-- WHAT TO WORK ON --
Scan the entries for the word "between". Every line that has it should be copied.

· · · ·

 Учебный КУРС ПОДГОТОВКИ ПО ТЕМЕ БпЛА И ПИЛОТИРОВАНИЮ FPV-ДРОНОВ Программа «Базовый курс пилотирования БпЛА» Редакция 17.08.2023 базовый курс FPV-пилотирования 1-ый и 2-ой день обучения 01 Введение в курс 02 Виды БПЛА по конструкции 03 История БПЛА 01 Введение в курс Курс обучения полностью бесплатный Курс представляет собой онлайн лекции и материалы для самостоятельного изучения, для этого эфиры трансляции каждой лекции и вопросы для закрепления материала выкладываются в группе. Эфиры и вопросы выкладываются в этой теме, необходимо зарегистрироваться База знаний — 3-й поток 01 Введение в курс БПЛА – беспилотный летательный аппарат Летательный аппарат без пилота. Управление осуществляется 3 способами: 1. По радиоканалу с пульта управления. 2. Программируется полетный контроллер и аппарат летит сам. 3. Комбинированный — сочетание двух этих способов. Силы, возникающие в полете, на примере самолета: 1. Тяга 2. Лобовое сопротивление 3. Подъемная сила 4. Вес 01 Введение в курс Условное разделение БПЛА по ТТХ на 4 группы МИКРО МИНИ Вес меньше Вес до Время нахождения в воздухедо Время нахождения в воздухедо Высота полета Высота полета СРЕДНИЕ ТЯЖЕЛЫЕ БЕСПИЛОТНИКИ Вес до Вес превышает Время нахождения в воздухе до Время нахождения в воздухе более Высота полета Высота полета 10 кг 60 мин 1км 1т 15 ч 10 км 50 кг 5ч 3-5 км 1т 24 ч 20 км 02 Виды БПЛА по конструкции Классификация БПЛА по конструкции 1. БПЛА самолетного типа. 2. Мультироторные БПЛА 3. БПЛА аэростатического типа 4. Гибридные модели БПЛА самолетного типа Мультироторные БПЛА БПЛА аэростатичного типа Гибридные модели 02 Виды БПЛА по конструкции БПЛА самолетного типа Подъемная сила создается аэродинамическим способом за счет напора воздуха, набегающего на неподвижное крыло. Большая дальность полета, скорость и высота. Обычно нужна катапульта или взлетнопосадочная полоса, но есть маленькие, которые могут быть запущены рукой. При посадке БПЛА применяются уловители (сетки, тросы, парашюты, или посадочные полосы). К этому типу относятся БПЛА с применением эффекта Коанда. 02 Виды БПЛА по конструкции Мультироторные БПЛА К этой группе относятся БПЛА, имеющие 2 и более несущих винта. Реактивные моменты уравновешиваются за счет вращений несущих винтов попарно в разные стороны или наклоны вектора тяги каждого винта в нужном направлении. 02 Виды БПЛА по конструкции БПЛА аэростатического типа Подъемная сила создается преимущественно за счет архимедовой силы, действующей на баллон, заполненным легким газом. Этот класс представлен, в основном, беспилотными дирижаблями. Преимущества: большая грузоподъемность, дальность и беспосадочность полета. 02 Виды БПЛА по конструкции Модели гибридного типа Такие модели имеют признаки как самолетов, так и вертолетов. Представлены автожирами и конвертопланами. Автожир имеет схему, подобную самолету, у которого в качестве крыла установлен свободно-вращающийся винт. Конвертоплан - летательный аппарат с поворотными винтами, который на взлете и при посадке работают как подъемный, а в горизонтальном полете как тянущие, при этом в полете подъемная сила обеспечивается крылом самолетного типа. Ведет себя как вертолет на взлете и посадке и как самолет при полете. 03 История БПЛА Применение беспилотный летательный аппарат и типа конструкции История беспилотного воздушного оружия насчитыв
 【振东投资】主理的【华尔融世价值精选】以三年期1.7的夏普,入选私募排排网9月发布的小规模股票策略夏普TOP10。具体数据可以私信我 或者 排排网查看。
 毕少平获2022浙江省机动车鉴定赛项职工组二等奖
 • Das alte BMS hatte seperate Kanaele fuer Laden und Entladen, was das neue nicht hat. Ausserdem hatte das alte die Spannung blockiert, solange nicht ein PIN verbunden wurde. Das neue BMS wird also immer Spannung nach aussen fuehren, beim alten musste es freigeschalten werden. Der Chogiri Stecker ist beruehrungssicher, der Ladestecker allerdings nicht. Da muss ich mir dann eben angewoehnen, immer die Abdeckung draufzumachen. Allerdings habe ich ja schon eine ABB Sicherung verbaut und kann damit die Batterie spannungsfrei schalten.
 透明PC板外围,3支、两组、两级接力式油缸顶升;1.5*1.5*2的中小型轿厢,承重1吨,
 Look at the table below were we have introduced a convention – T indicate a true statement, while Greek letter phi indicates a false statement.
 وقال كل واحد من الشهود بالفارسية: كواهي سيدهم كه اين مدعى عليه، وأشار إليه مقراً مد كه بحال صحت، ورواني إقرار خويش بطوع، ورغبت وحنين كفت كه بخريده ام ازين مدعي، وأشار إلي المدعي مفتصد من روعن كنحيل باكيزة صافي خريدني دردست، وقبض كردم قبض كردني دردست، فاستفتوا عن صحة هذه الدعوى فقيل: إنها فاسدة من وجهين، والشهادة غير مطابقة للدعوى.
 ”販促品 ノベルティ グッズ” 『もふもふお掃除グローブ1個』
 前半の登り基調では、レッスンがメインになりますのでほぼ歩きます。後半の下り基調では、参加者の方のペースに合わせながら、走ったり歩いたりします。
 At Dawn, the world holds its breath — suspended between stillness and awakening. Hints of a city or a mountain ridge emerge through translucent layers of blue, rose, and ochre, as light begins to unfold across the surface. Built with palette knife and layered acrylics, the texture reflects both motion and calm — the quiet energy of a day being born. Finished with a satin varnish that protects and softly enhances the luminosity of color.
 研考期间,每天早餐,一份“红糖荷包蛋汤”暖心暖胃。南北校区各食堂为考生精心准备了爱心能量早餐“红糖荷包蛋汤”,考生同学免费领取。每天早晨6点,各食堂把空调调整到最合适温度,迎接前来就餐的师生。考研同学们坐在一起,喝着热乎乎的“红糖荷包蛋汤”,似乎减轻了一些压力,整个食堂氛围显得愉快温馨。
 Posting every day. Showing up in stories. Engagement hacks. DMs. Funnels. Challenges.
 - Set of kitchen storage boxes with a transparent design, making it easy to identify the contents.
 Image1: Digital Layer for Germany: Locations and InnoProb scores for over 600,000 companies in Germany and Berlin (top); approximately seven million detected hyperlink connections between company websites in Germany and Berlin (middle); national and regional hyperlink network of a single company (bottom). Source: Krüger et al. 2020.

· · · ·

-- EXPECTED OUTPUT --
 At Dawn, the world holds its breath — suspended between stillness and awakening. Hints of a city or a mountain ridge emerge through translucent layers of blue, rose, and ochre, as light begins to unfold across the surface. Built with palette knife and layered acrylics, the texture reflects both motion and calm — the quiet energy of a day being born. Finished with a satin varnish that protects and softly enhances the luminosity of color.
 Image1: Digital Layer for Germany: Locations and InnoProb scores for over 600,000 companies in Germany and Berlin (top); approximately seven million detected hyperlink connections between company websites in Germany and Berlin (middle); national and regional hyperlink network of a single company (bottom). Source: Krüger et al. 2020.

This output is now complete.